▶ **To do**:
When you copy the entries, omit the images and keep every word as it is.

════════════════════

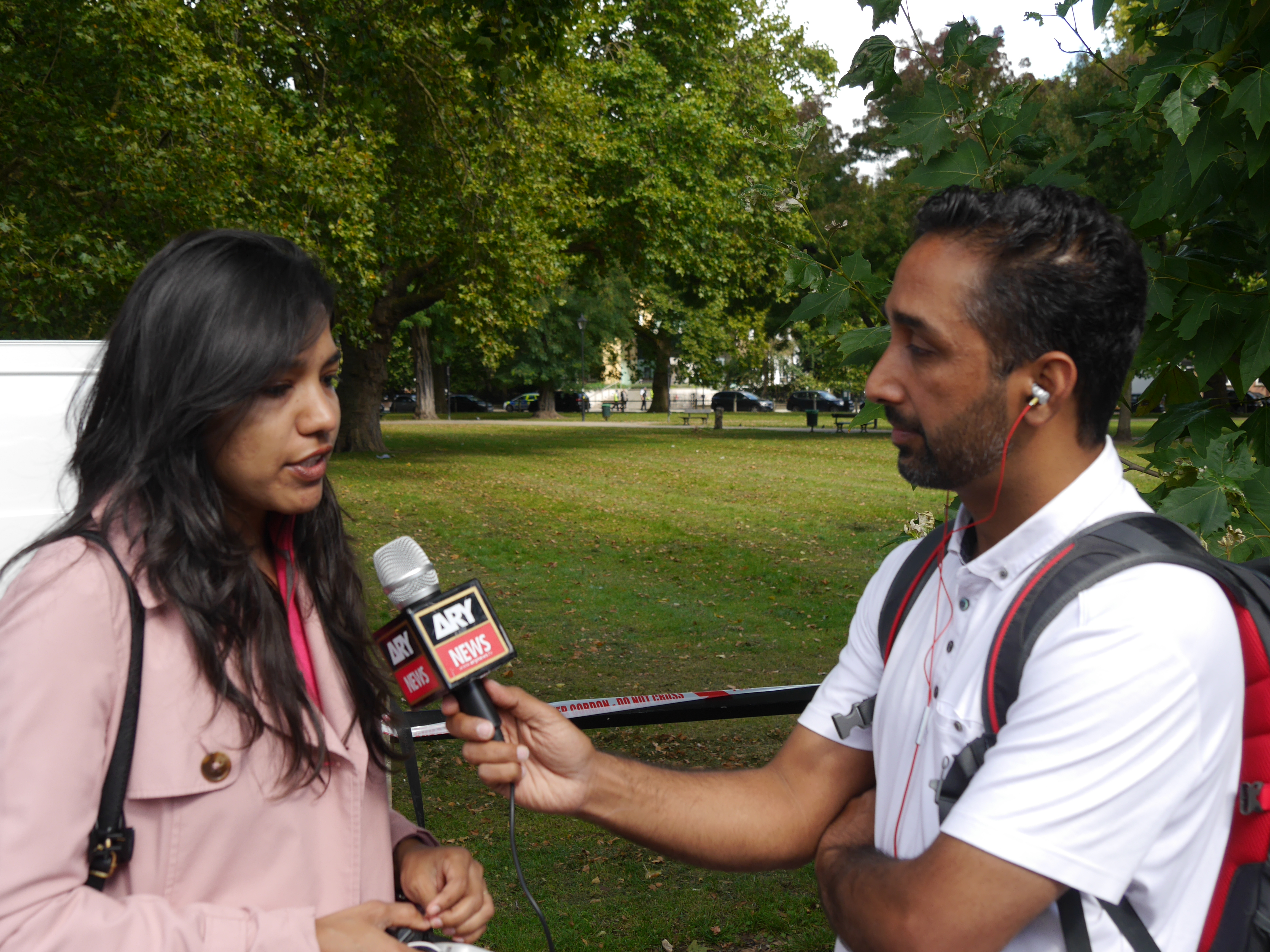 2017 Parsons Green bombing
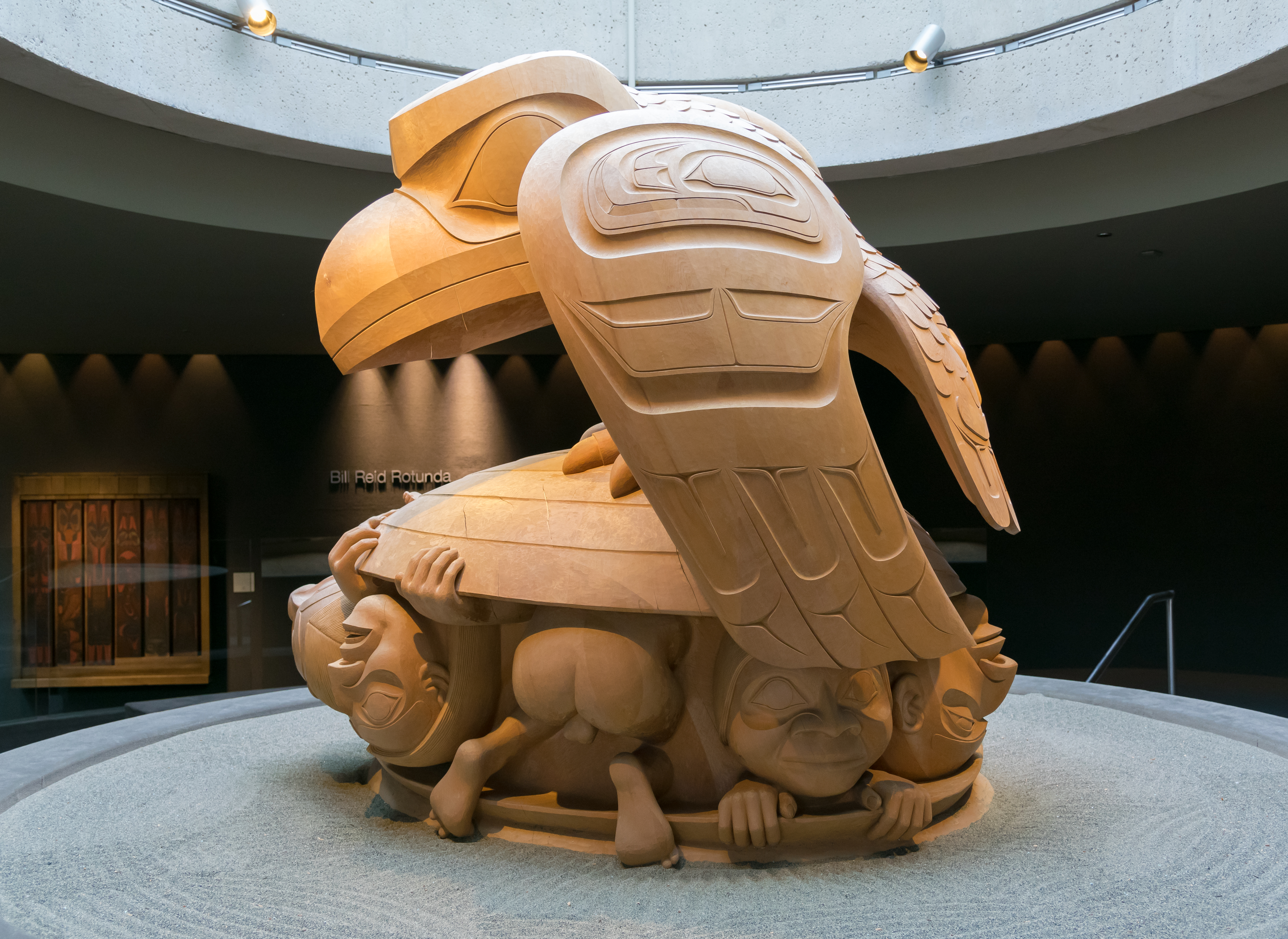 Raven and the First Men, by Bill Reid. Located at the Museum of Anthropology (MOA) at the University of British Columbia
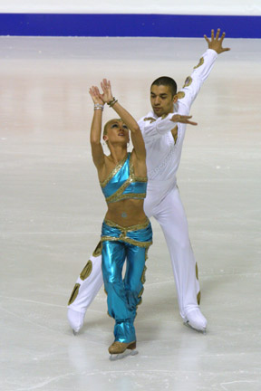 Aliona SAVCHENKO and Robin SZOLKOWY. European Championships 2008
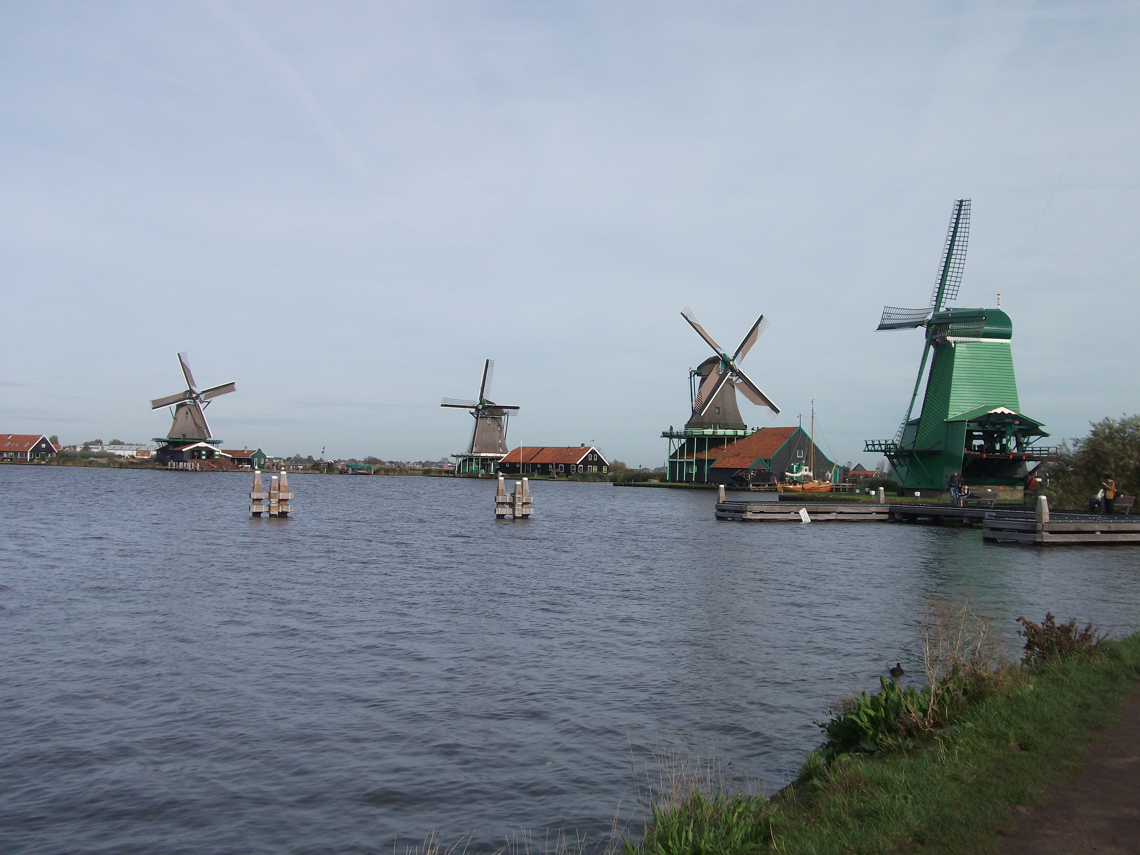 Zaanse Schans, October 2014
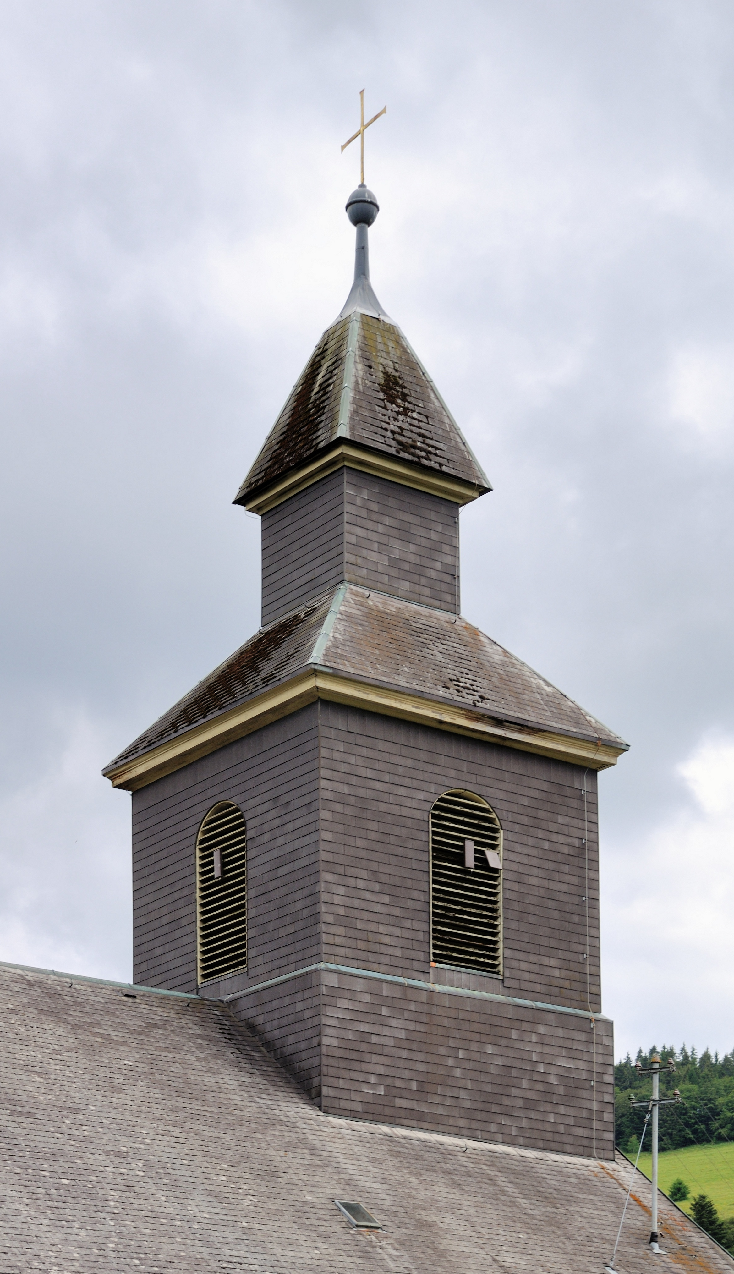 Neuenweg: Protestant Church

════════════════════

▶ **Reply**:
 2017 Parsons Green bombing
 Raven and the First Men, by Bill Reid. Located at the Museum of Anthropology (MOA) at the University of British Columbia
 Aliona SAVCHENKO and Robin SZOLKOWY. European Championships 2008
 Zaanse Schans, October 2014
 Neuenweg: Protestant Church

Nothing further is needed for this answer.